Dear Mr Cook, I am one of the millions of people who use an iPhone every day. I often use it to reply to urgent e-mails I receive from China Labour Watch's investigators about the status of their investigation of Apple's supplier factories in China. I also use my iPhone to answer questions from journalists about the working conditions in those factories. As a labour activist who has spent over a decade fighting against sweatshops, buying an iPhone was not an easy decision for me.
Although the international anti-sweatshop movement has recently trained its focus on Apple's supply chain, I find that the labour conditions in Apple's supplier factories are actually not the worst of the factories used by multinational electronics companies there.

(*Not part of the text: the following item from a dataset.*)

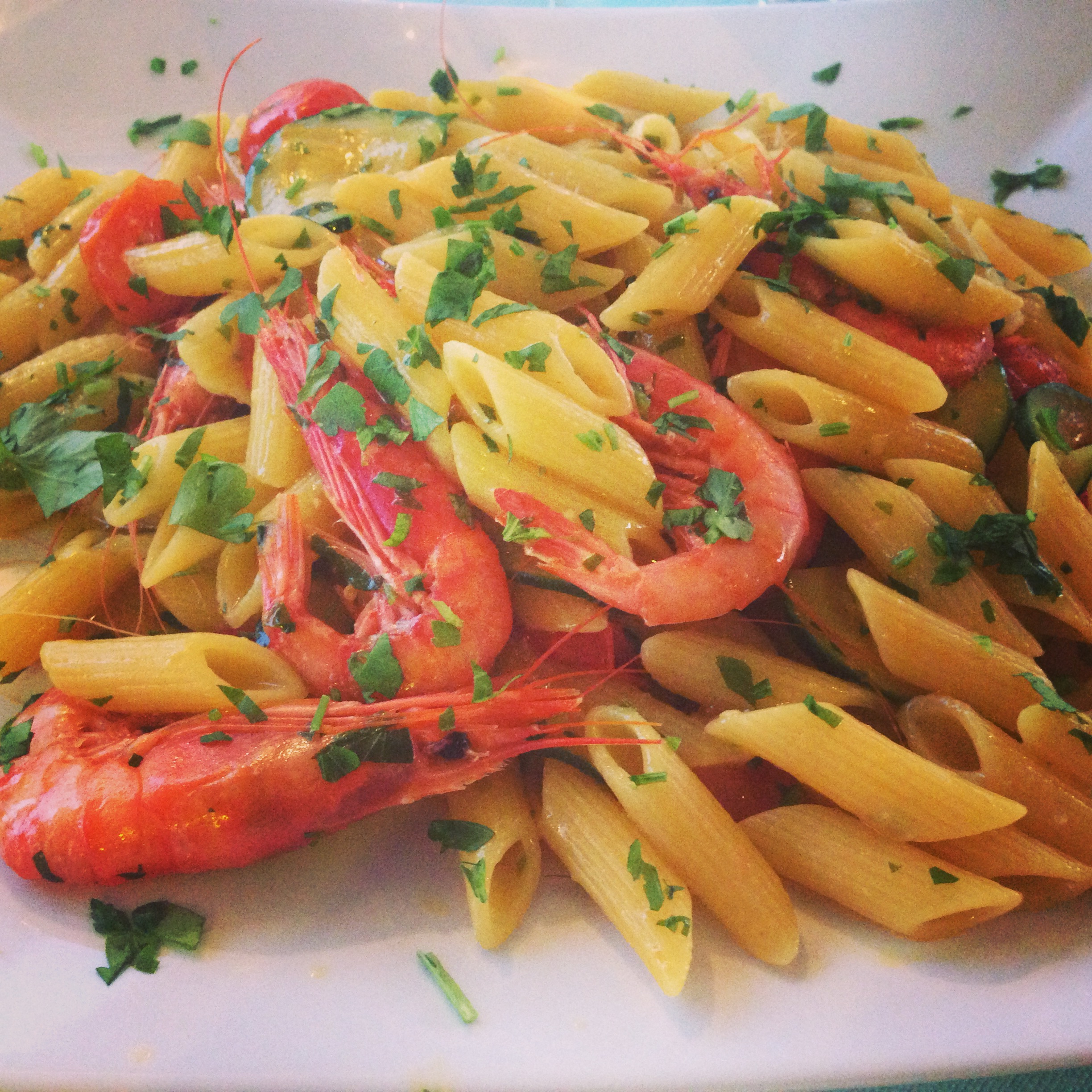 Mezze penne ai gamberi e zucchine (Ristorante “Osteria”)
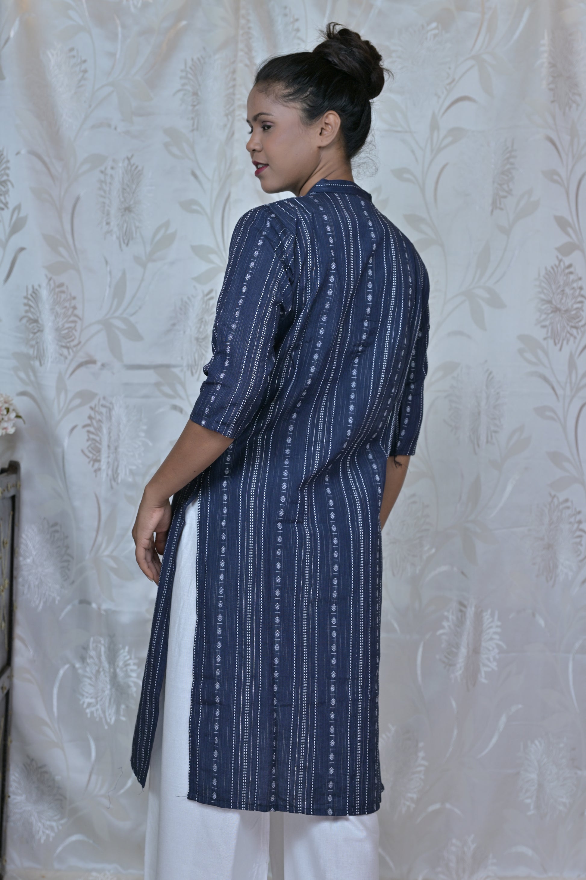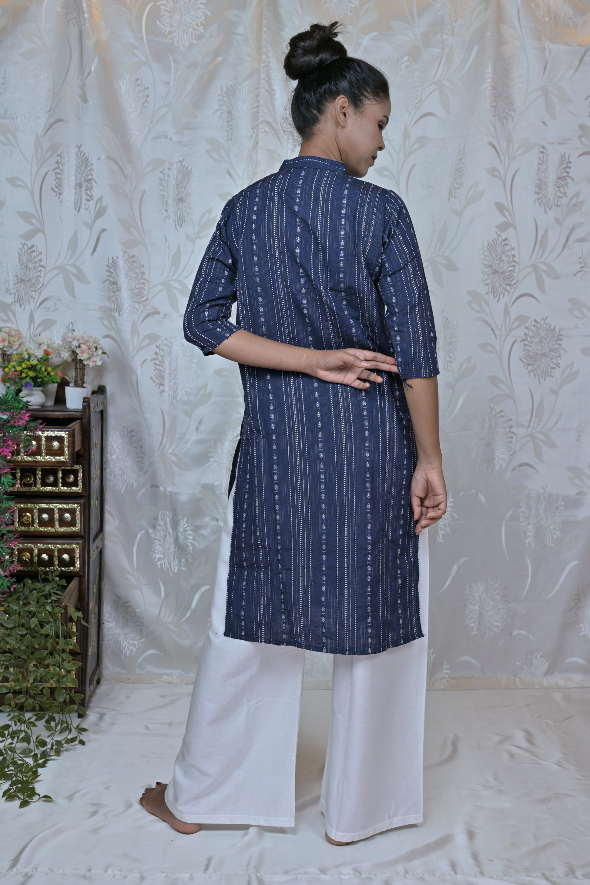Embrace effortless style and comfort with our Azure Comfort Striped Kurta, a perfect addition to your daily wear collection. This elegant kurta features a sophisticated deep blue hue adorned with subtle white vertical stripes, creating a timeless and flattering look. Designed for ease of movement and all-day comfort, it's an ideal choice for your busy routine , whether you're at the office, running errands, or enjoying a casual outing.

However, this is what 'not the worst' means for workers who make your products:
They work as long as 11 hours a day, six days a week, with only one hour-long break during lunch. For this, they only make about 2,000 yuan (HK$2,500) a month.
Those who work in the iPad case polishing workshops are exposed to vast amounts of aluminium dust and may be injured or even killed in an explosion should the dust ignite. This has happened twice in the past year. First, in May at a Foxconn plant in Chengdu (three killed, 15 injured) and then in December at a Ri-Teng plant in Shanghai (61 injured).
At the factories of Foxconn, one of your largest suppliers, 13 workers committed suicide in 2010. Foxconn's response of putting up nets on factory buildings to catch suicidal jumpers indicates that it believes this is an ongoing concern, since many of the factors that may have led to the workers taking their lives - including long working hours and social isolation - remain unchanged.